- Collected data
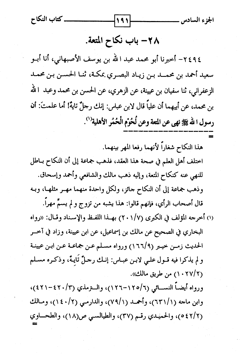 2494 - أخبرنا أبو محمد عبد الله بن يوسف الاصبهاني ، أنا أبو سعيد أحمد بن محمد بن زياد البصري بمكة ، ثنا الحسن بن محمد الزعفراني ، ثنا سفيان بن عيينة ، عن الزهري ، عن الحسن بن محمد وعبد الله بن محمد ، عن أبيهما أن عليا قال لابن عباس : إنك رجل تايه ! أما علمت : أن رسول الله صلى الله عليه وسلم نهى عن المتعة وعن لحوم الحمر الأهلية ( 1 ) .
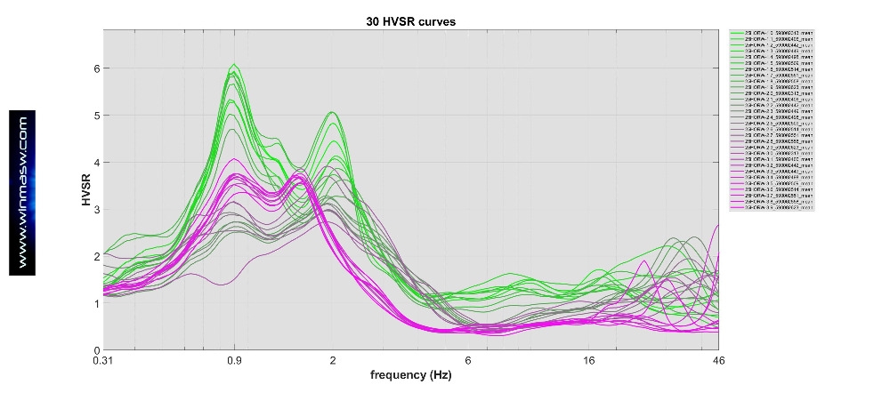 winMASW® ACD-2025: nel video è mostrato uno dei modi per gestire più curve HVSR registrate lungo array 2D
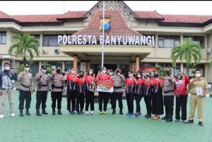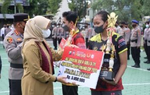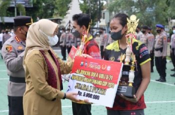 BANYUWANGI – jurnalpolisi.id Upacara penutupan Kejurkab Bola Voli U-21 Kapolresta Banyuwangi Cup 2022 dan penyerahan trophy dilaksanakan pada hari Senin (14/02/2022) bertempat di halaman Mapolresta Banyuwangi. Kegiatan tersebut dihadiri oleh Forkopimda Banyuwangi, para pejabat utama, para Kepala SKPD, Kepala PUDAM dan anggota Polresta Bantuwangi, serta para juara dalam Kejurkab Bola Voli U-21 Kapolresta Banyuwangi Cup 2022 Tim Putra dan Tim Putri beserta para ofiicial. Kepala.Kepolisian Resor Kota (Kapolresta) Banyuwangi Kombes Pol Nasrun Pasaribu selaku inspektur upacara. Komandan upacara Kabag SDM Kompol Idham Kholid. Penyerahan hadiah dilakukan oleh Kapolresta Banyuwangi bersama jajaran Forkopimda secara bergantian kepada para juara. Dari 48 tim.yang bertanding, yang terdiri dari 24 tim putra dan 24 tim putri keluar sebagai Juara Tim Putra berturut-turut adalah Juara satu Polsek Banyuwangi, Juara dua Polsek Srono, Juara Tiga Polsek Wongsorejo, dan Juara Empat Tim Putra Polsek Glagah. Sedangkan Juara Tim Putri diraih oleh Polsek Banyuwangi juara satu, Juara dua Polsek Muncar, Juara Tiga Polsek Cluring, dan Juara empat Polsek Tegaldlimo. Para juara selain menerima trophy juga masing-masing menerima uang pembinaan sebesar lima.juta rupiah untuk juara pertama, empat juta rupiah juara kedua, tiga juta rupiah juara ketiga dan dua juta rupiah untuk juara keempat. “Kita semua patut bersyukur atas kerja keras dan sinergitas Forkopimda dan semua pihak atas suksesnya pelaksanaan Kejurkab ini apalagi Kejurkab ini digelar ditengah kerja keras kita dalam penanganan Covid-19,” ucap Kapolresta Banyuwangi.

- Your goal
First drop every picture, then print the data above exactly as it stands.

- Exercise output
 2494 - أخبرنا أبو محمد عبد الله بن يوسف الاصبهاني ، أنا أبو سعيد أحمد بن محمد بن زياد البصري بمكة ، ثنا الحسن بن محمد الزعفراني ، ثنا سفيان بن عيينة ، عن الزهري ، عن الحسن بن محمد وعبد الله بن محمد ، عن أبيهما أن عليا قال لابن عباس : إنك رجل تايه ! أما علمت : أن رسول الله صلى الله عليه وسلم نهى عن المتعة وعن لحوم الحمر الأهلية ( 1 ) .
 winMASW® ACD-2025: nel video è mostrato uno dei modi per gestire più curve HVSR registrate lungo array 2D
 BANYUWANGI – jurnalpolisi.id Upacara penutupan Kejurkab Bola Voli U-21 Kapolresta Banyuwangi Cup 2022 dan penyerahan trophy dilaksanakan pada hari Senin (14/02/2022) bertempat di halaman Mapolresta Banyuwangi. Kegiatan tersebut dihadiri oleh Forkopimda Banyuwangi, para pejabat utama, para Kepala SKPD, Kepala PUDAM dan anggota Polresta Bantuwangi, serta para juara dalam Kejurkab Bola Voli U-21 Kapolresta Banyuwangi Cup 2022 Tim Putra dan Tim Putri beserta para ofiicial. Kepala.Kepolisian Resor Kota (Kapolresta) Banyuwangi Kombes Pol Nasrun Pasaribu selaku inspektur upacara. Komandan upacara Kabag SDM Kompol Idham Kholid. Penyerahan hadiah dilakukan oleh Kapolresta Banyuwangi bersama jajaran Forkopimda secara bergantian kepada para juara. Dari 48 tim.yang bertanding, yang terdiri dari 24 tim putra dan 24 tim putri keluar sebagai Juara Tim Putra berturut-turut adalah Juara satu Polsek Banyuwangi, Juara dua Polsek Srono, Juara Tiga Polsek Wongsorejo, dan Juara Empat Tim Putra Polsek Glagah. Sedangkan Juara Tim Putri diraih oleh Polsek Banyuwangi juara satu, Juara dua Polsek Muncar, Juara Tiga Polsek Cluring, dan Juara empat Polsek Tegaldlimo. Para juara selain menerima trophy juga masing-masing menerima uang pembinaan sebesar lima.juta rupiah untuk juara pertama, empat juta rupiah juara kedua, tiga juta rupiah juara ketiga dan dua juta rupiah untuk juara keempat. “Kita semua patut bersyukur atas kerja keras dan sinergitas Forkopimda dan semua pihak atas suksesnya pelaksanaan Kejurkab ini apalagi Kejurkab ini digelar ditengah kerja keras kita dalam penanganan Covid-19,” ucap Kapolresta Banyuwangi.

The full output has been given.